Leaving the question is the signal that the work is real.
The fourth was mapping what actually happened between a buyer clicking Buy and getting their money back if something went wrong. Five long waits. Wait for the seller to accept. Wait for shipping. Wait for arrival. Wait for the money to be released. That silence in the middle was where trust went wrong. The team had been treating this as buyers not trusting sellers. It was really about there being too much quiet in the middle. We added three messages along the way (an acceptance note, a shipping note, an arrival note) so the silences felt held instead of empty.

What I delivered was foundational, not finished.
Four personas the team used every day, in design reviews and in conversations with stakeholders. A buyer/seller comms flow that changed how trust was designed into the marketplace. A marketplace redesigned around what each persona actually needed. And a brand widget that finally had real people to design for instead of a blur.
The gains stuck. Over the following quarters, first-time retention rose around twenty percent, repeat purchases around fifteen, conversion around fifteen, and average order value through the brand-partner channel between twenty and thirty-five depending on the partner.
Honestly, the marketplace still ran into the same hard things every peer-to-peer luxury resale platform runs into. Verifying that what people are selling is real. Handling returns. Holding onto the money until both sides are satisfied. No UX work fixes those. The persona work and the comms flow made the marketplace as well-designed as it could be inside those constraints. And the brand widget, more than the marketplace itself, was the part that made AirRobe a real business. My job was to make the widget land by giving the company named people to design for.

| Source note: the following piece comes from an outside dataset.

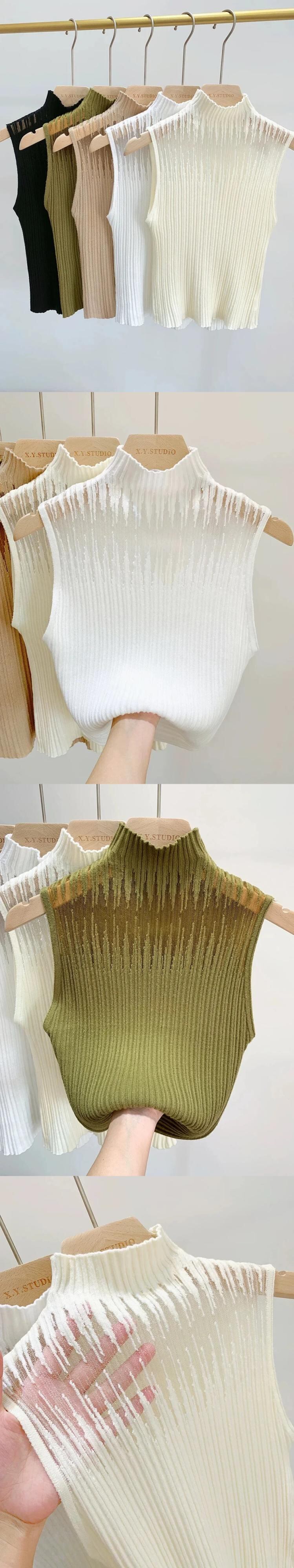送料無料 ノースリーブ薄いブラウス女性中空アウトセクシーなタンクトップ 2023 ショートトップスリム春と夏 25242 スプリング 春物 サマー 夏物 AE665656624196906637
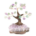 GEM TREE – AMETHYST & AVENTURINE, GREEN TUMBLED STONES WITH AMETHYST BASE 4.5-5.5″

What I'd keep from this project is the four personas themselves. The team had a working sense of one general user, eco-conscious and motivated to resell, somewhere in the millennial-to-Gen-Z range. The interviews showed something else. Four distinct people with four different reasons to be on the platform, none of which collapsed cleanly into the others. We named them precisely, built them from what the interviews actually said instead of the working idea we'd started with, and left Sustainable Siobhan's emotional box blank when her interview didn't answer it.
“The user” is usually shorthand for several different people the team hasn't separated yet. The discipline is letting the interviews tell you who's there, and naming them.